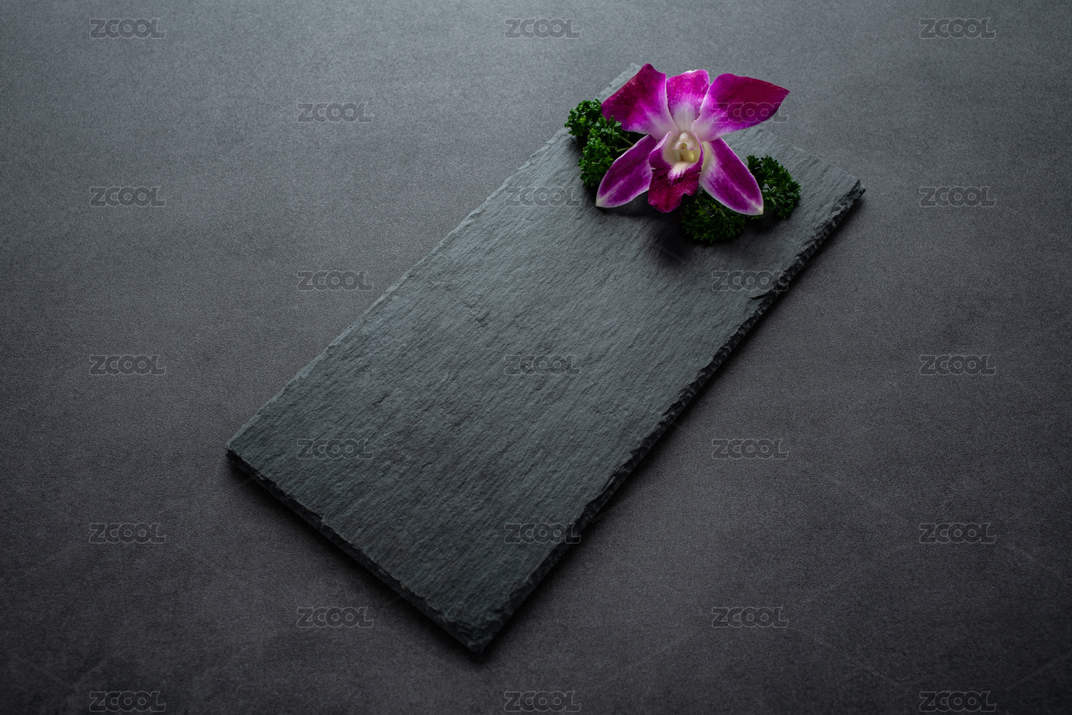 蘭花歐芹擺盤裝飾的黑色石板托盤
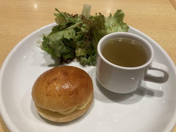好きなパンに、プラス200円で小さなサラダとスープが付けられますよ。
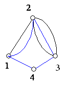 Négy pontra a következőképpen lehet ellenpéldát csinálni: felvesszük az előbbi gráfot, tehát egy hárompontú gráfot, ahol az 1-es és 2-es között 1 él fut, a 2-es és 3-as között pedig kettő.
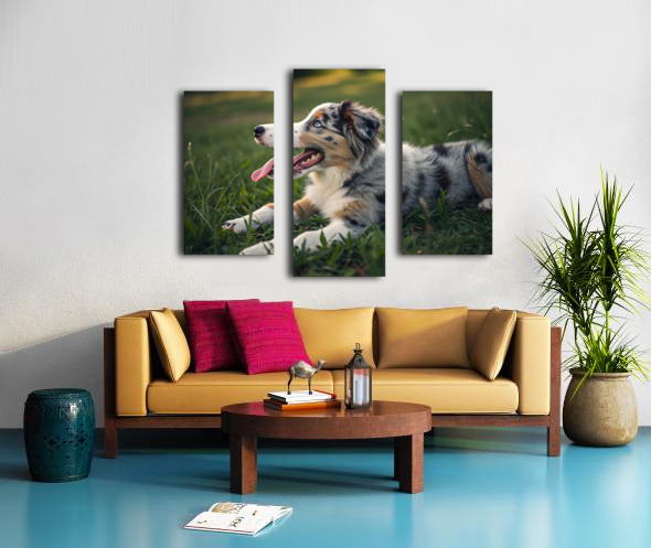 Tired Australian Shepherd Puppy Rests After Zoomies Canvas print
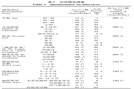 研究的数据来源主要是通过对范集镇下的85个自然村内的住户进入农村家庭进行问访调查、统计数据。深入家庭的调查问访能够更具体的了解实际情况,更加直观的反映出问题所在。在该镇做调查时,一共进入150户家庭,共200人(入户及路边)进行问访。问访情况如表1。
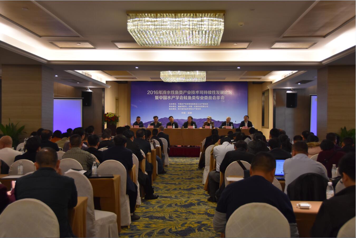 11月30日,由8932彩集团主办,通威拜欧玛(无锡)生物科技有限公司承办、四川省农业科学院水产研究所协办的“冷水性鱼类产业技术可持续性发展研讨会”暨中国水产学会鲑鱼类专业委员会2016年年会在成都市召开。中国水产学会副秘书长陈恩友、黑龙江水产研究所副所长石连玉、四川省水产局局长卿足平、及来自全国涉及冷水鱼行业的50多家高校、科研院所和企业代表参加了会议。

* **BRIEF**:
If a record contains a picture, leave the picture out; repeat the record itself exactly.

* **ANSWER TO THIS TASK**:
 蘭花歐芹擺盤裝飾的黑色石板托盤
好きなパンに、プラス200円で小さなサラダとスープが付けられますよ。
 Négy pontra a következőképpen lehet ellenpéldát csinálni: felvesszük az előbbi gráfot, tehát egy hárompontú gráfot, ahol az 1-es és 2-es között 1 él fut, a 2-es és 3-as között pedig kettő.
 Tired Australian Shepherd Puppy Rests After Zoomies Canvas print
 研究的数据来源主要是通过对范集镇下的85个自然村内的住户进入农村家庭进行问访调查、统计数据。深入家庭的调查问访能够更具体的了解实际情况,更加直观的反映出问题所在。在该镇做调查时,一共进入150户家庭,共200人(入户及路边)进行问访。问访情况如表1。
 11月30日,由8932彩集团主办,通威拜欧玛(无锡)生物科技有限公司承办、四川省农业科学院水产研究所协办的“冷水性鱼类产业技术可持续性发展研讨会”暨中国水产学会鲑鱼类专业委员会2016年年会在成都市召开。中国水产学会副秘书长陈恩友、黑龙江水产研究所副所长石连玉、四川省水产局局长卿足平、及来自全国涉及冷水鱼行业的50多家高校、科研院所和企业代表参加了会议。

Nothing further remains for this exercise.